After incubation, we read the plates spectrophotometrically at OD₆₀₀ using SpectraMax M3, Molecular Devices (San Jose, CA, USA). We calculated the fractional inhibition concentration index (FICI using the formula FICI=MIC of compound A in combination/MIC of compound A alone + MIC of compound B/MIC of compound B alone. The FICI value is categorized by Synergy – FICI < 0.5, additive – 0.5- 4, and antagonism, FICI > 4 (Iluz et al., 2018).

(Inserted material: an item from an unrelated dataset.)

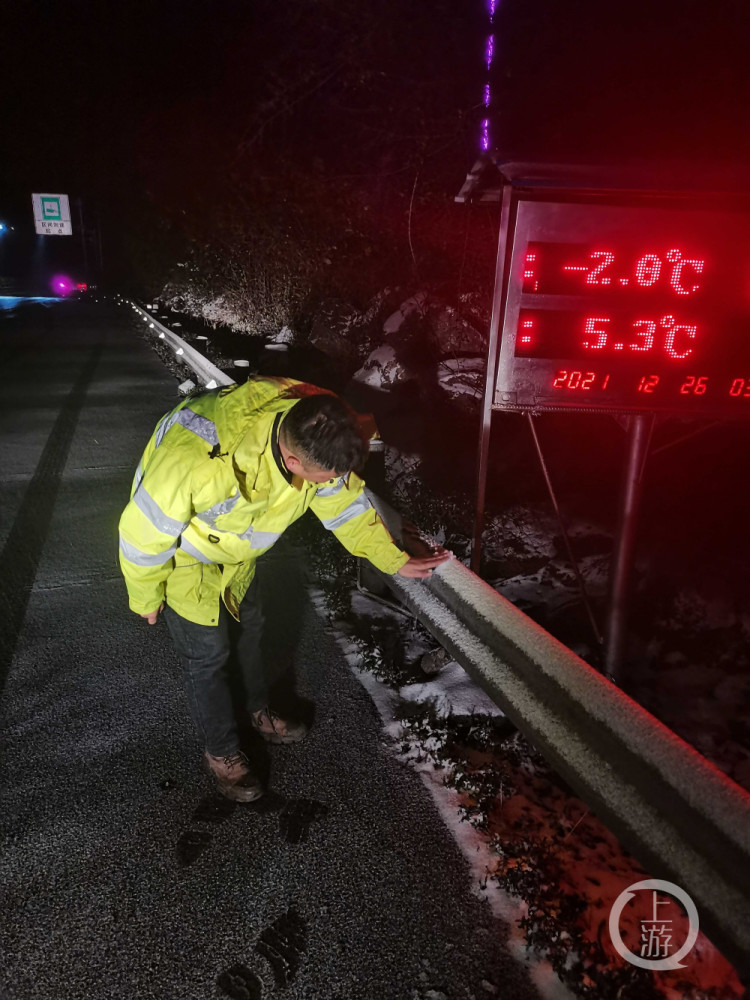 12月26日,上游新闻记者从重庆高速集团东南营运分公司获悉,受冷空气影响,渝湘高速黔江、酉阳、秀山段迎来今冬首场降雪,最低温度-2.5℃。受降雪天气影响,黔江西、酉阳、秀山等多个收费站入口实行交通管制。

We cultivated an overnight culture of S. aureus MW2 in TSB (supplemented with 0.2% glucose and 3% NaCl) media. In a 96-well plate (Cat No. 3903, Corning, NY, USA), we serially diluted 50 μl of alpha mangostin solution (64 -1 μg/ml). To this plate, we added a high density (1.5 OD_600nm) of overnight culture (S. aureus MW2) and incubated at 37°C for 1 h. After incubation, we discarded the media and washed the wells carefully with PBS to remove any loosely attached or free-floating planktonic cells (Mishra et al., 2016; Peng et al., 2021). We added 20% of XTT to the wells after discarding the planktonic cells and incubated the plate for another 2 h at 37^°C. We quantified the inhibition of initial biofilm adhesion using XTT [2,3- bis(2-methyloxy-4-nitro-5-sulfophenyl)-2H-tertazolium-5-carboxanilide following manufacture instructions with minor adjustments (ATCC, VA, USA). We recorded the absorbance at 450 nm using SpectraMax M2 Multi-mode Microplate Reader (Molecular Devices, CA, USA). We calculate the percentage of biofilm growth assuming 100% biofilm attachment is achieved in the bacterial wells without alpha mangostin treatment.

In addition, to quantitate the effect of alpha mangostin on biomass reduction of initial biofilm adhesion, we performed crystal violet (CV) staining. S. aureus initial biofilm adhesion plates were set as described above for the XTT assay. In brief, we incubated the 96-well plates for 1 h at 37°C, discarded the media, and gently washed the wells with phosphate-buffered saline to remove any loosely attached or floating cells. We then added 100 μl of 0.4% CV stain to all the well-containing biofilms and let them stand for 15 min at room temperature. We removed the excess dye by washing twice with sterile water after 15 min. Finally, we added 100 μl of 95% ethanol to dissolve the CV stain and visualized the S. aureus biofilm adhesion (LewisOscar et al., 2017).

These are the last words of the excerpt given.